**TASK OBJECTIVE**
A verbatim copy of the data is wanted, minus any picture in it.

INFORMATION SUPPLIED START

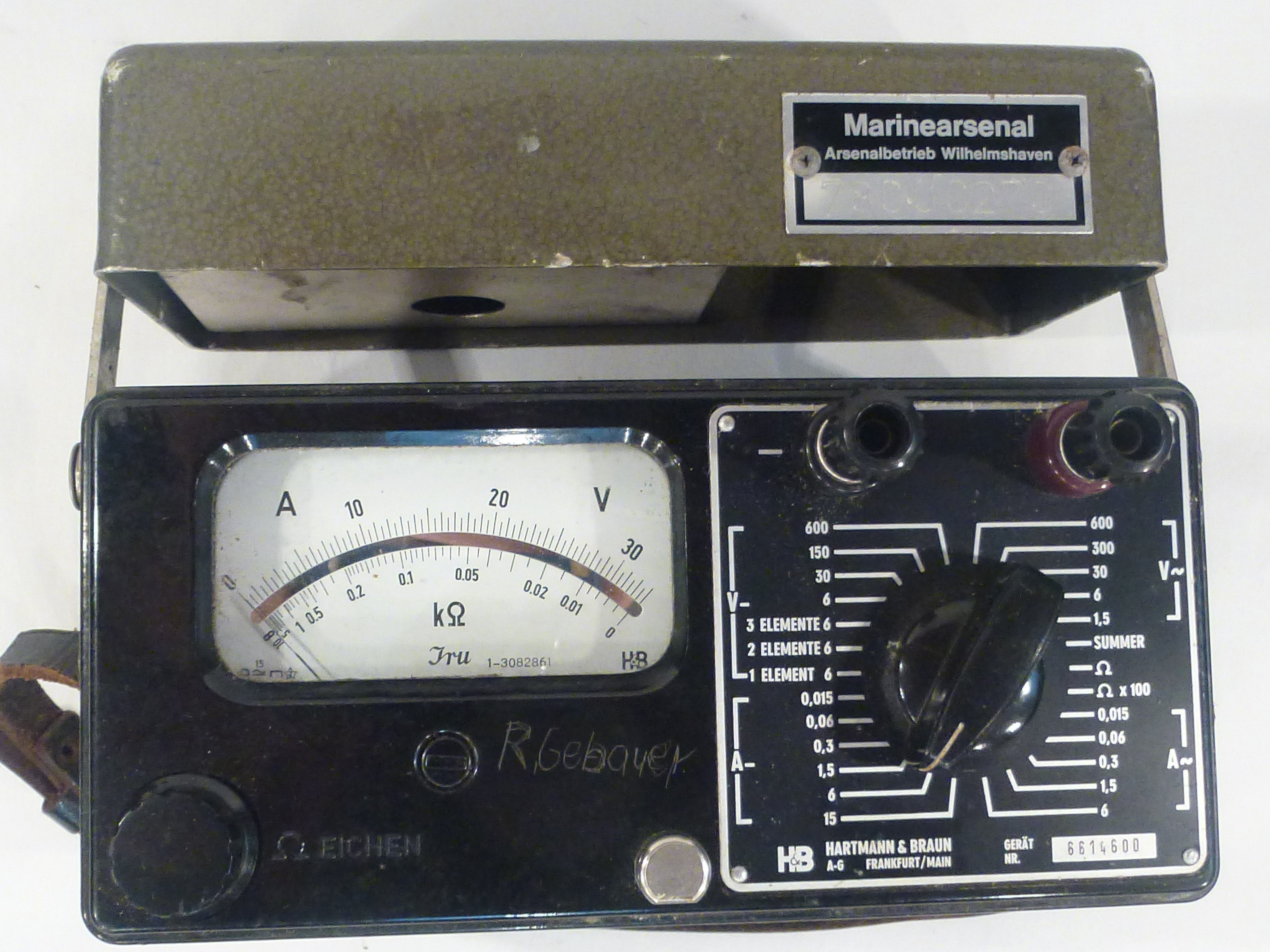 116 Multimeter JRU Veröffentlicht am 04/12/2015 von messtechnik70 Multimeter JRU Bunderwehr Hersteller: Hartmann & Braun Hergestellt: 1952 Zeiwert: 44 Euro Zustand: Gut, technisch noch nicht geprüft, aber Messwerk in Ordnung Teilen mit: Klicken, um einem Freund einen Link per E-Mail zu senden (Wird in neuem Fenster geöffnet) E-Mail Klicken zum Ausdrucken (Wird in neuem Fenster geöffnet) Drucken MehrTweet
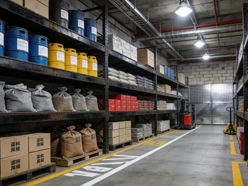 原料存儲(chǔ)區(qū)設(shè)置多層式的金屬貨架,方便分類(lèi)存放不同原料,提高空間利用率。區(qū)域間通過(guò)清晰的標(biāo)識(shí)線(xiàn)進(jìn)行劃分,保障物流運(yùn)輸?shù)捻槙场?
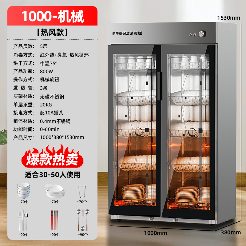 天商用消毒柜立式热风循环大容量饭店酒店餐具不锈钢消毒碗柜双门

INFORMATION SUPPLIED END

**YOUR SOLUTION**
 116 Multimeter JRU Veröffentlicht am 04/12/2015 von messtechnik70 Multimeter JRU Bunderwehr Hersteller: Hartmann & Braun Hergestellt: 1952 Zeiwert: 44 Euro Zustand: Gut, technisch noch nicht geprüft, aber Messwerk in Ordnung Teilen mit: Klicken, um einem Freund einen Link per E-Mail zu senden (Wird in neuem Fenster geöffnet) E-Mail Klicken zum Ausdrucken (Wird in neuem Fenster geöffnet) Drucken MehrTweet
 原料存儲(chǔ)區(qū)設(shè)置多層式的金屬貨架,方便分類(lèi)存放不同原料,提高空間利用率。區(qū)域間通過(guò)清晰的標(biāo)識(shí)線(xiàn)進(jìn)行劃分,保障物流運(yùn)輸?shù)捻槙场?
 天商用消毒柜立式热风循环大容量饭店酒店餐具不锈钢消毒碗柜双门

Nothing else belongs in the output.